Il existe un écart, dans ce film, entre la matière, très riche, constituée par les travaux de l'Américain Stanley Milgram, dans les années 60 à 80, et la manière très froide et délibérément distanciée que Michael Almereyda a adoptée pour tenter de nous rendre compte de cette démarche.

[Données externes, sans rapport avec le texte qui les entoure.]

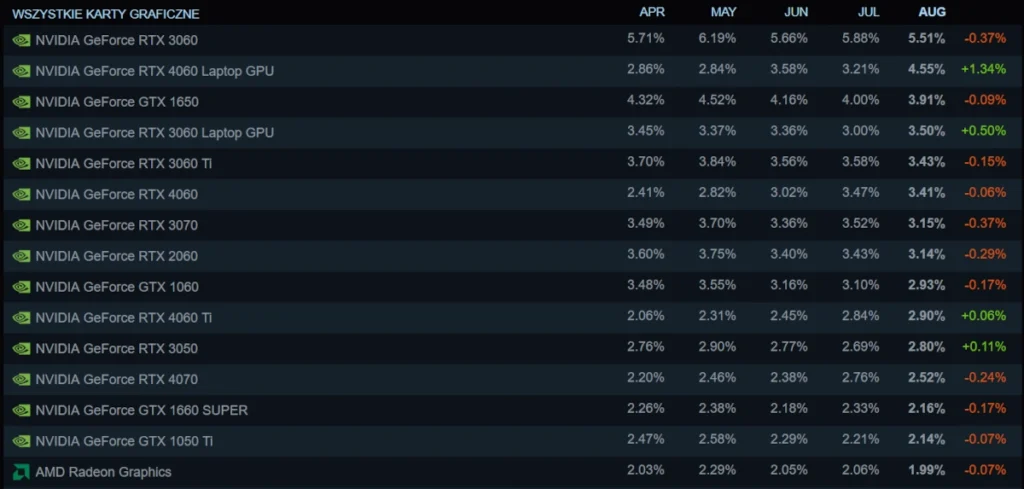 Najpopularniejszą kartą graficzną jest nieprzerwanie NVIDIA GeForce RTX 3060, z której korzysta 5,51% ankietowanych. AMD nie ma powodów do zadowolenia bo ich najpopularniejsza propozycja znalazła się dopiero na 16 miejscu i jest to… układ zintegrowany w procesorach. Pierwsza dedykowana karta graficzna Czerwonych w zestawieniu wylądowała dopiero na 35 miejscu i mowa o AMD Radeon RX 580.
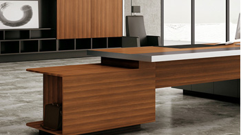以原木作为材料的高级班台,洋溢着浓郁的自然气息,清峻、平和的造型里涓滑而出的时代特质,给现代办公空间更添几分悠闲。
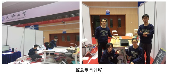 11月21日下午比赛正式拉开帷幕,第一个比赛主题利用碳纤维和环氧树脂制造一种翼盒结构。同济大学代表队一拿到赛题,立即探讨分工,两位队员开始设计结构尺寸,一位队员负责计算机模拟,剩下两位队员负责组装实验仪器工具以及上网搜索相关的制备工艺信息。经过一下午的努力,基本掌握真空注入制备流程。11月22日上午即开始分工,3位队员参加头脑风暴环节智力问答,剩余队员继续进行产品制造。智力问答环节涉及到飞行器制造、药物成分、轮船制造以及日常家用电器制造等等复合材料各个方面的知识。经过3天的辛苦努力,同济代表队按照制作完成翼盒结构,并进行了三点弯曲试验测试,测试结果较好,超过了大部分参赛队伍。
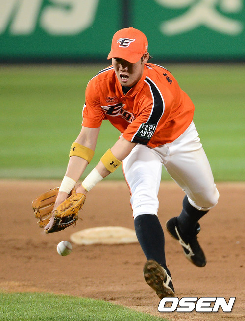 24일 오후 광주 무등야구장에서 열린 '2012 팔도 프로야구' KIA 타이거즈와 한화 이글스의 경기, 7회말 2사 한화 하주석이 KIA 최희섭의 타구를 놓치고 있다.

Une distance mise en avant par le filmage : décors froids, sans âme, visant à transcrire une société en train de la perdre ; jeu hyper distancié demandé à Peter Sarsgaard, qui incarne un Milgram volontiers retranché dans son rôle de scientifique, durant les expériences, ou qui "nous" parle soudain, face caméra, au beau milieu d'une scène jouée ; plusieurs décors ostensiblement peints, afin de bien signifier au spectateur que le réalisateur ne le traite pas à la façon de Milgram manipulant ses cobayes humains et les faisant croire à ce qui n'est pas ; lui, Almereyda, ne nous cache pas le caractère factice du cinéma, son faux, sa mise en scène, et il nous incite à rester au bord de son film, de même qu'il campe son personnage principal comme restant constamment observateur, sur la rive de sa propre existence.
Ici se situe certainement la dent manquante, dans l'engrenage filmique : cette distance revendiquée fait surgir de l'onde sur laquelle flotte le navire-film trois écueils : le spectateur, soumis à l'injonction qui lui est donnée au-delà des attentes de celle-ci, finit par rester bel et bien au bord du film, sans jamais se trouver happé par lui ; le personnage principal lui-même semble demeurer à la lisière de son rôle, vivant ou mourant avec le même détachement d'éternel examinateur ; et surtout, cette distance extrême, jouée, mise en avant et voulue, n'est absolument pas pratiquée...
En effet, à aucun moment n'est analysé, ni même montré, indiqué, le terreau dans lequel s'est enracinée l'expérience qui se trouve placée au centre du film : le nazisme ne datait que d'une génération, lui qui avait été permis par l'extrême soumission du peuple allemand à son "guide" nazi ; d'où l'entrée dans une phase, qui allait pousser loin ses ramifications, d'intolérance extrême à toute autorité et de rejet profond de toute emprise.
1961, première année de la décennie qui allait aboutir, dans le monde occidental, à l'éclosion des fleurs de 1968, vit donc naître l'expérience de Milgram ; expérience inquiétante, visant à démontrer jusqu'à quel point terrifiant un être humain pourra consentir à infliger une douleur à son prochain, pour peu qu'on lui en intime l'ordre.
Abandonnant, sur ce point, toute distance, Almereyda adhère étroitement aux démonstrations et conclusions de Milgram, les restituant telles quelles, sans profiter du recul que lui offre à présent le demi-siècle écoulé. L'autorité est-elle seule en cause, dans cette expérience ? L'autorité est-elle, d'ailleurs, si monolithique ? Est-elle identique, selon qu'elle est servie par l'admiration, la crainte ou un simple contrat ? Une société sans autorité est-elle envisageable, souhaitable ? Et dans l'expérience menée, n'entrait-il que de la soumission : aucun sadisme, aucune satisfaction narcissique à punir...? Ces questions ne seront pas posées.
Si le film a le mérite de remettre sur le devant de la scène l'apport de Milgram, on ne peut donc qu'attendre l'œuvre qui interrogera cet apport, dégagera ses limites et sa pertinence, lui permettant enfin une réelle réintroduction dans la pensée actuelle.